`torch.linalg.lu_factor` with `pivot=False` doesn't return `LU` matrix?

Hi!

I have a matrix K that I represent with an LU factorization, such that K = L @ U, and L and U are lower and upper triangular 2-D tensors respectively. I’m currently testing the functionality of torch.linalg.lu_factor with pivot=False, which enforces P (the permutation matrix) to be the identity.
In my sample code I have the following:

L = torch.randn(3,3).tril()
L.diagonal()[:] = torch.ones(3) # To enforces 1's in the diagonal
U = torch.randn(3,3).triu()
K = L @ U

If then I do:
LU_factor, pivots = torch.linalg.lu_factor(K, pivot=False)
I would expect LU_factor to be the same matrix as K, but it’s not. Moreover, if I do:
Pu, Lu, Uu, = torch.lu_unpack(LU_factor, pivots)
Then Lu and Uu are now exactly L and U (as expected).

My question is, if by setting pivot=False in lu_factor I enforce P to be the identity, what other operations do lu_factor() and lu_unpack() perform under the hood that make LU_factor be different from L @ U?

Thanks beforehand!

Hi Marc!

Even when you turn off pivoting, lu_factor() still performs the non-trivial
LU factorization and returns the “packed” factorization in LU_factor.
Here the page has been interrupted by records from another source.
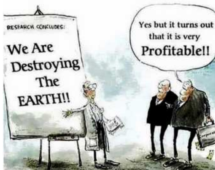
Par François Chesnais

Publié par Alencontre le 5 - août - 2018
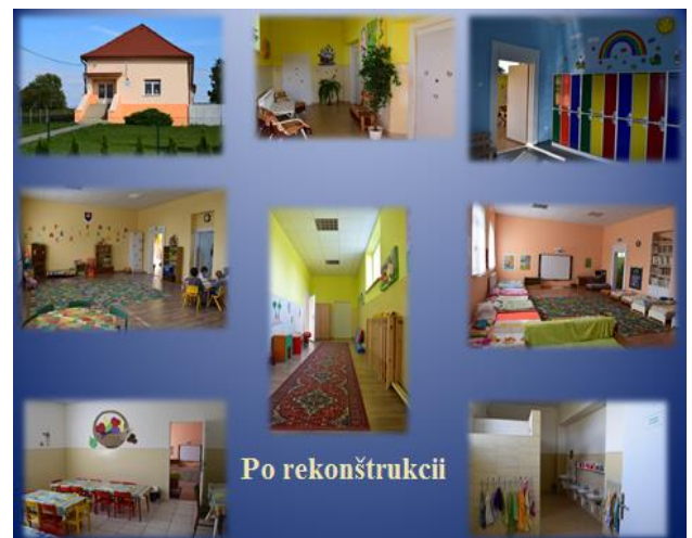
Obr. 2 Zrekonštruovaná MŠ Veľké Ozorovce

Taktiež sa zaviazali, že udržia počet existujúcich tried aj počet nových tried, ktoré vznikli z prijatej dotácie, ako aj počet pedagogických zamestnancov po dobu siedmich nasledujúcich rokov. V prvom roku po prijatí dotácie bola uvedená podmienka dodržaná u všetkých príjemcov dotácie.
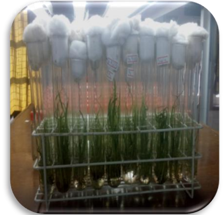
Root Culture (1 month)
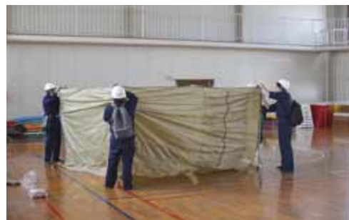
体育館でのパーティションの設置。
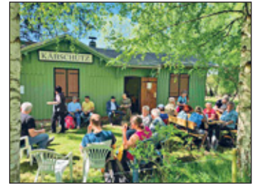
Rast bei der Järgergemeinschaft Käbschütztal
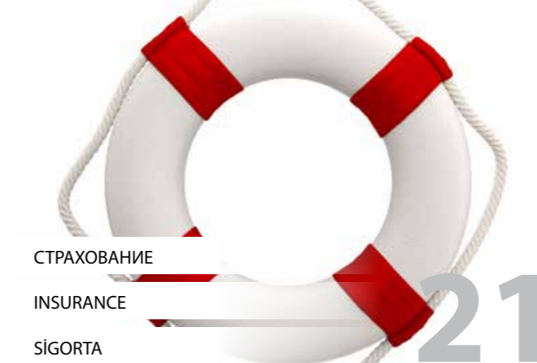
СТРАХОВАНИЕ INSURANCE SİGORTA
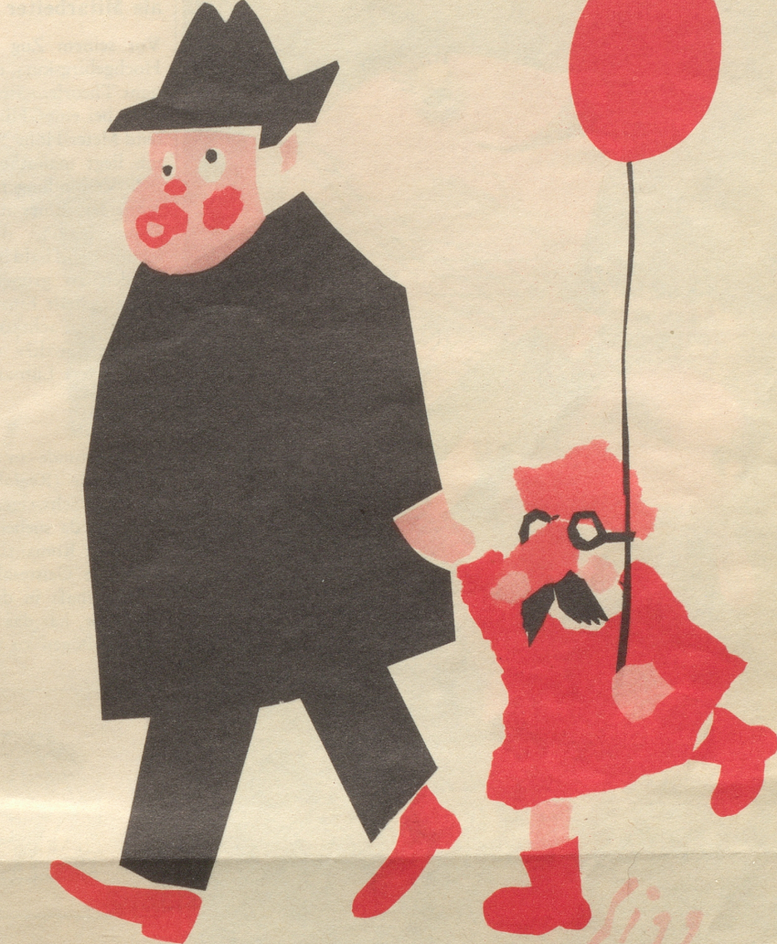
Vater und Sohn an der Fasnacht

In der ulkigen Berner Sendung «Wenn sie nur Worte haben» fiel zwischen Sprichwörtlichem und Zitätlichkeiten der nette Satz: «Stets kann man sich auf Goethe berufen wie auf einen Allerwelts-Papi ...» Ohohr
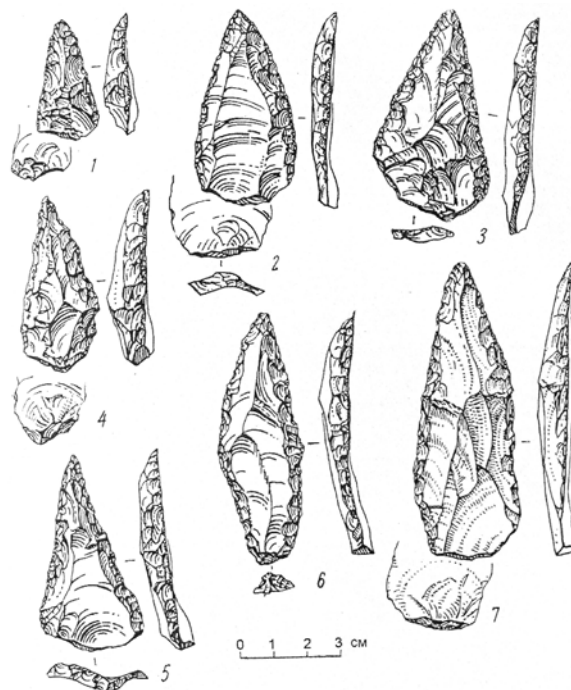
Пещера Таглар. Образцы леваллуазских ретушированных и мустьерских остроконечников. По М.Гусейнову

стоянке было найдено несколько микролитических орудия, аналоги которых зафиксированы на стоянках Гая-Арасы и Фируз в Гобустане . Что касается верхне-палеолитических орудий труда, найденных при раскопках третьего культурного слоя, то аналоги их были выявлены и изучены во втором культурном слое многослойной палеолитической стоянки на берегу р. Куручай . Материалы, найденные на Шущинской палеолитической стоянке в ходе археологической разведки летних полевых работ 1971-1973 гг., наглядно свидетельствуют о расселении первобытного человека на данной территории. Следует отметить, что полная стратиграфия культурных слоев на этой стоянке не конкретизирована – этот вопрос будет решен в ходе будущих археологических исследований. В конце 80-х годов было запланировано продолжить работу в этом направлении, но начало трагических событий в Карабахе и вокруг него, последовавшая военная оккупация края Арменией нарушили эти планы. С этого времени армянская сторона проводит в Карабахе – на оккупированной территории Азербайджана археологические раскопки в нарушение действующих норм международ-
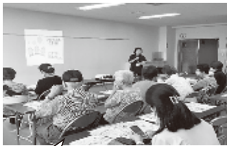
出前講座を受けている様子

秋葉町「高砂会」では15年ほど前から、住民の健康維持のため、体操教室を行っています。回でしたが、参加者の要望で毎回行うようになりました。現在の会場は、センチュリーハイツ日名子3階広場、土曜日の11時から1時間程度で、秋葉町の方ならどなたでも参加できます。 7月には、社協の出前講座「いきいき元気 介護予防」で、フレイル等についての講話を聞いた後も、30分程体操を行いました。 今年も酷暑だったため、8月は2階集会室で開催し熱中症予防に努めるなど、その時の状況に応じた場所で行っています。
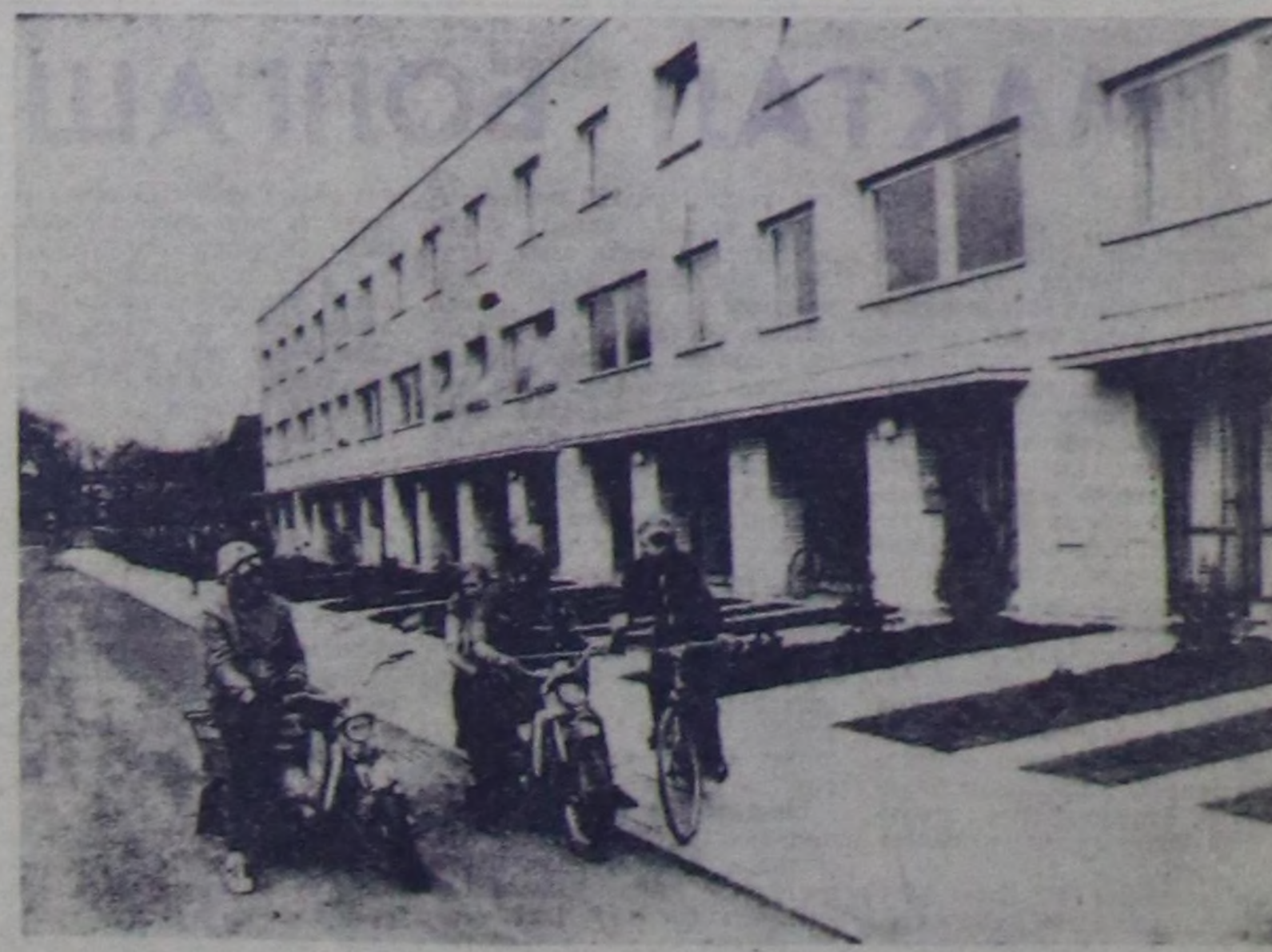
Чехословакияның хөвү-шөлдөрүң ажил-ишчилери чачгыс дай көздө ажил-ишчилериң түңгөндүгүң...

So
LU_factor is not the original, unfactored K. (Why would it be?)

Here is a script that illustrates this by constructing the “packed” factorization
from your original L and U matrices:

import torch
print (torch.__version__)

_ = torch.manual_seed (2023)

L = torch.randn (3, 3, device = 'cuda').tril()
L.diagonal()[:] = torch.ones (3, device = 'cuda')   # To enforces 1's in the diagonal
U = torch.randn (3, 3, device = 'cuda').triu()
K = L @ U

LU_factor, pivots = torch.linalg.lu_factor (K, pivot=False)

tind = torch.triu_indices (3, 3)                    # "pack" factorization into a single square matrix
LU_pack = L.clone()
LU_pack[tind[0], tind[1]] = U[tind[0], tind[1]]

print ('LU_factor = ...')
print (LU_factor)
print ('LU_pack = ...')
print (LU_pack)
print ('allclose:', torch.allclose (LU_factor, LU_pack))

And here is its output:

2.1.1
LU_factor = ...
tensor([[-0.4913,  0.5382, -3.1042],
        [ 0.7900, -0.2999,  0.2209],
        [ 1.1008, -0.1755,  0.5342]], device='cuda:0')
LU_pack = ...
tensor([[-0.4913,  0.5382, -3.1042],
        [ 0.7900, -0.2999,  0.2209],
        [ 1.1008, -0.1755,  0.5342]], device='cuda:0')
allclose: True

Best.

K. Frank

Oh my bad! I thought LU_factor would be L@U and not L and U packed together (which makes a lot of sense now that you mention it, for many reasons). Thanks for the very quick reply.